1. Paediatric Respiratory System
The differences between the adult and children’s respiratory systems are as follows:
- The nasal passages are narrow and the tongue is proportionally larger than the oral cavity in children. The airway diameter is narrow in children.
- Significance: These factors predispose the young patient to respiratory obstruction and collapse of small and large airways.
- Caution:
- The following errors in the techniques of isolation used during dental procedures may cause serious obstruction and collapse of airways in children:
- Rubber dam or mask compressing the nares
- Gauze pack depressing the oral cavity
- Retractor displacing the tongue posteriorly
- Administration of anaesthesia in a child with a respiratory infection will increase secretions and oedema, thus compromising the airway. Elective anaesthetic administration should be avoided in such children to prevent laryngospasm, bronchospasm, acute subglottic oedema and perioperative hypoxia.
- The following errors in the techniques of isolation used during dental procedures may cause serious obstruction and collapse of airways in children:
- The chest wall is more elastic in children.
- Caution: Very less ventilation pressure is required to expand the lungs.
- The sternum is less rigid in children. It offers less support to the ribs and intercostal muscles.

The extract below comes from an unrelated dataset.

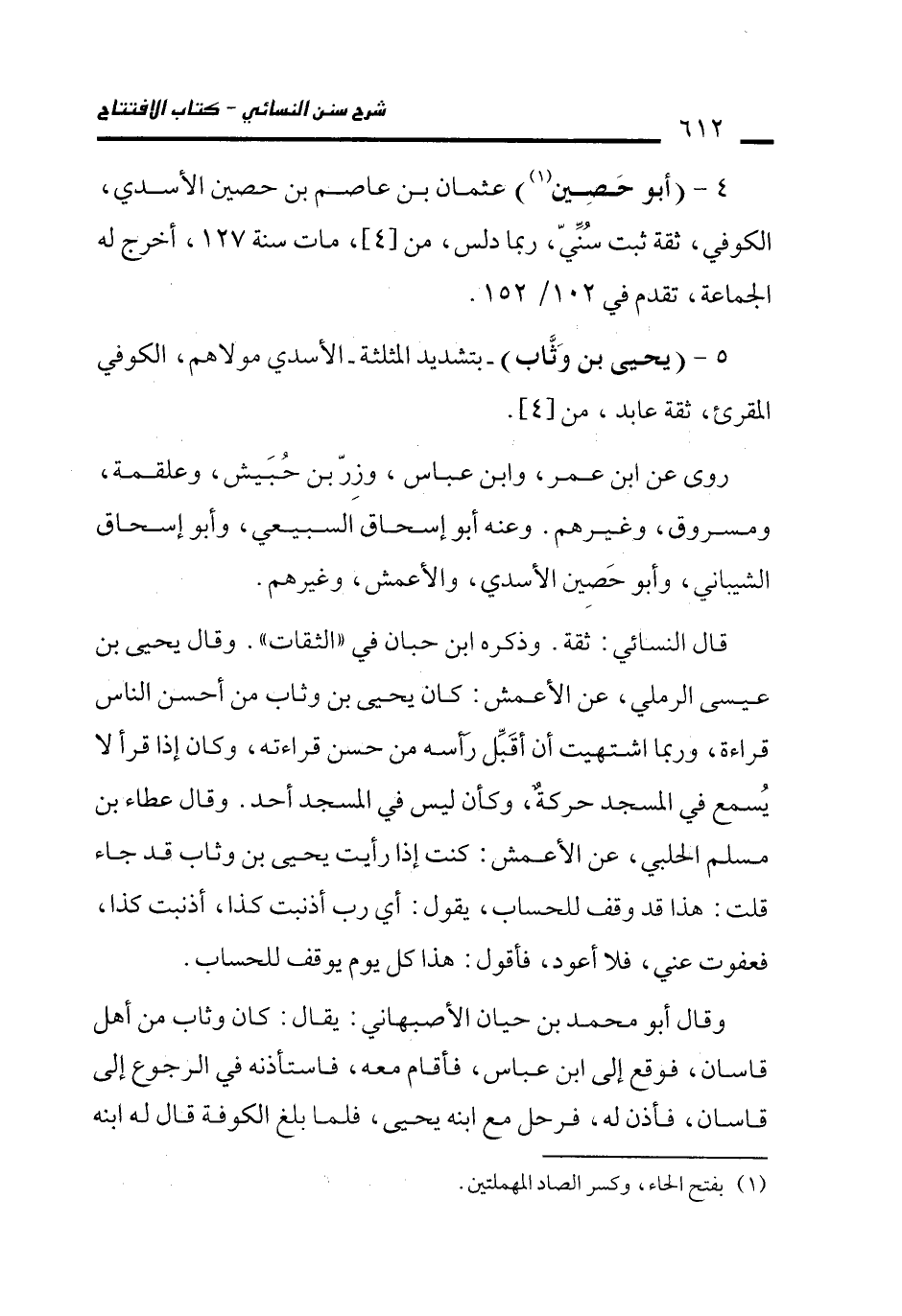 5 - (يحيى بن وَثَّاب) -بتشديد المثلثة- الأسدي مولاهم، الكوفي المقرئ، ثقة عابد، من [4].

- Significance: The ribs lie more horizontally in a resting position in children. This makes the respiratory (intercostal) muscles inefficient to work. Thus, the diaphragm is the primary respiratory muscle in children.
- Caution: The paediatric patient must be kept at a 20°–30° head-up position to avoid any breathing difficulty. The supine position should be avoided for children during dental treatment as the gastric organs may impart pressure on the diaphragm in this position. This may limit the efficiency of the only effective respiratory muscle in children.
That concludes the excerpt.